Auf den unteren Ebenen finden sich Magistratsgerichte, Bezirksgerichte, Lokal-, Scharia- und traditionelle Gerichte. Für Militärangehörige gibt es eigene Militärgerichte. In der Realität ist die Justiz, trotz persönlich hoher Unabhängigkeit einzelner Richterinnen und Richter, relativ kompetenten und unabhängigen höheren Gerichten und wiederholter Urteile gegen Entscheidungen der Administration, der Einflussnahme von Exekutive und Legislative sowie von einzelnen politischen Führungspersonen ausgesetzt. Die insgesamt zu geringe personelle und finanzielle Ausstattung behindert außerdem die Funktionsfähigkeit des Justizapparats. Das Justizministerium hat bezüglich der Ausbildung und der Länge der Dienstzeit der Richter auf Bundes- und Bundesstaatsebene strenge Richtlinien verfügt. Allerdings gibt es keine derartigen Vorschriften oder aber Überwachungsorgane für die Richter auf lokaler Ebene, was wiederum zu Korruption und Fehlverhalten führt.
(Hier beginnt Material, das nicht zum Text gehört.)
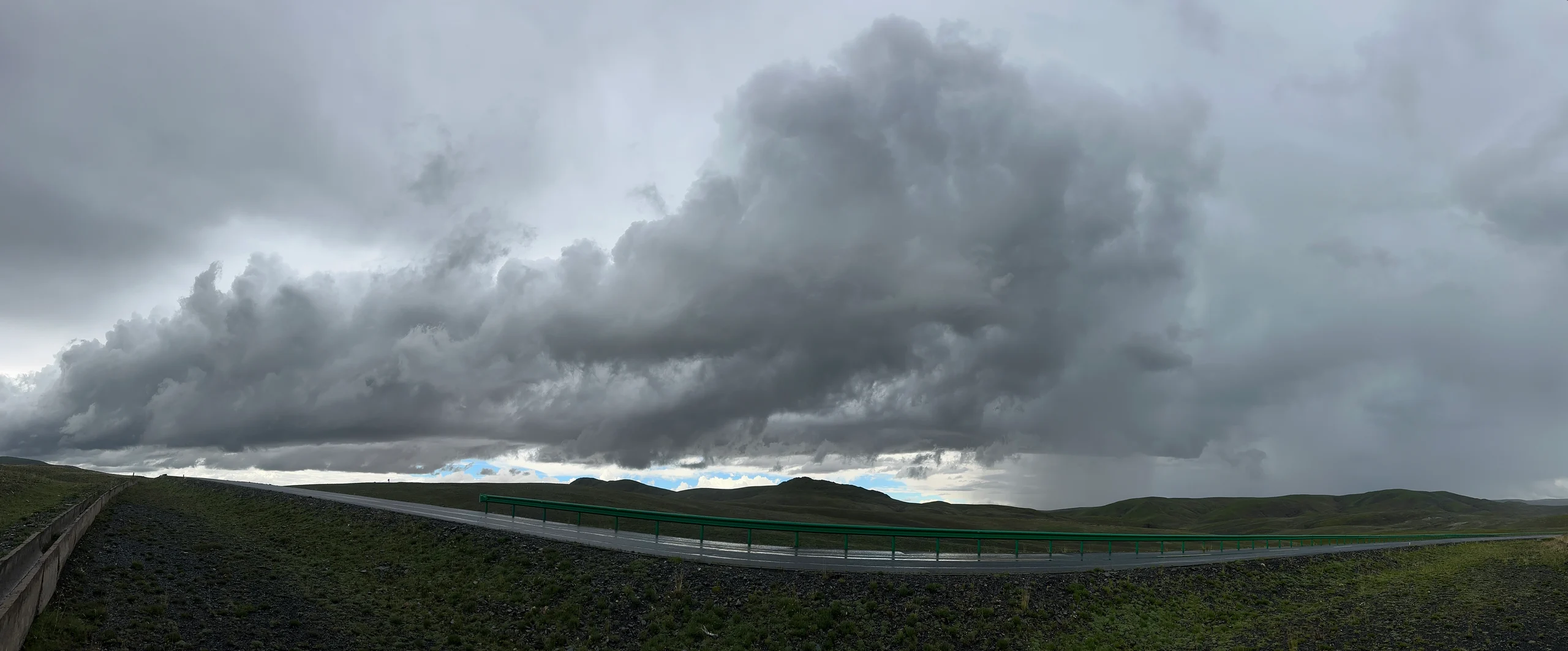 Kaum oben angekommen, schlug das Wetter zu. Ich wollte mein Fahrrad in den Straßengraben legen, um mich vor Blitzen zu schützen – in diesem Moment schlug ein Blitz nur 50 m entfernt in einen Mobilfunkmast auf einem kleinen Hügel ein. Vor Schreck kauerte ich mich flach in den Graben, das Herz raste. Auch wenn der Mast und die Berge in der Umgebung höher waren, fühlte ich mich der Naturgewalt schutzlos ausgeliefert. Glücklicherweise folgte kein zweiter Blitz, doch ein heftiger Hagelschauer prasselte auf mich nieder, gefolgt von starkem Regen.

Das Recht auf ein zügiges Verfahren wird zwar von der Verfassung garantiert, ist jedoch kaum gewährleistet.

Auch der gesetzlich garantierte Zugang zu einem Rechtsbeistand oder Familienangehörigen wird nicht immer ermöglicht. Eine willkürliche Strafverfolgung bzw. Strafzumessungspraxis durch Polizei und Justiz, die nach Rasse, Nationalität o.ä. diskriminiert, ist nicht erkennbar. Das bestehende System benachteiligt jedoch tendenziell Ungebildete und Arme, die sich weder von Beschuldigungen freikaufen noch eine Freilassung auf Kaution erwirken können. Zudem ist vielen eine angemessene Wahrung ihrer Rechte auf Grund von fehlenden Kenntnissen selbst elementarster Grund- und Verfahrensrechte nicht möglich. Auch der Zugang zu staatlicher Prozesskostenhilfe ist in Nigeria beschränkt: Das Institut der Pflichtverteidigung wurde erst vor kurzem in einigen Bundesstaaten eingeführt. Lediglich in den Landeshauptstädten existieren Nichtregierungsorganisationen, die sich zum Teil mit staatlicher Förderung der rechtlichen Beratung von Beschuldigten bzw. Angeklagten annehmen. Gerade in den ländlichen Gebieten gibt es jedoch zahlreiche Verfahren, bei denen Beschuldigte und Angeklagte ohne rechtlichen Beistand mangels Kenntnis ihrer Rechte schutzlos bleiben. Da Scharia-Gerichte auch Strafverfahren führen, können Huddud-Strafen (Prügel, Peitsche, Amputation, Steinigung) ausgesprochen werden. Urteile von Scharia-Gerichten können auch im formalen Rechtssystem angefochten werden (etwa beim Supreme Court). Zuletzt erregten Ermittlungen und Anklagen wegen so genannter Huddud-Straftatbestände weit weniger öffentliche Aufmerksamkeit als noch in den ersten Jahren nach der Wiedereinführung des islamischen Strafrechts, da man mittlerweile davon ausgehen kann, dass entsprechende Verurteilungen im Rechtsmittelverfahren aufgehoben und korrigiert werden. Die Behörden haben von Scharia-Gerichten beschlossene Strafen oft nicht ausgeführt, da Berufungsverfahren lange dauern. In einigen Fällen bezahlten Verurteilte Strafen oder begaben sich in Haft, anstatt der Prügelstrafe zugeführt zu werden. Im Jahr 2012 gab es keine Berichte über Urteile nach Strafverfahren vor Scharia-Gerichten.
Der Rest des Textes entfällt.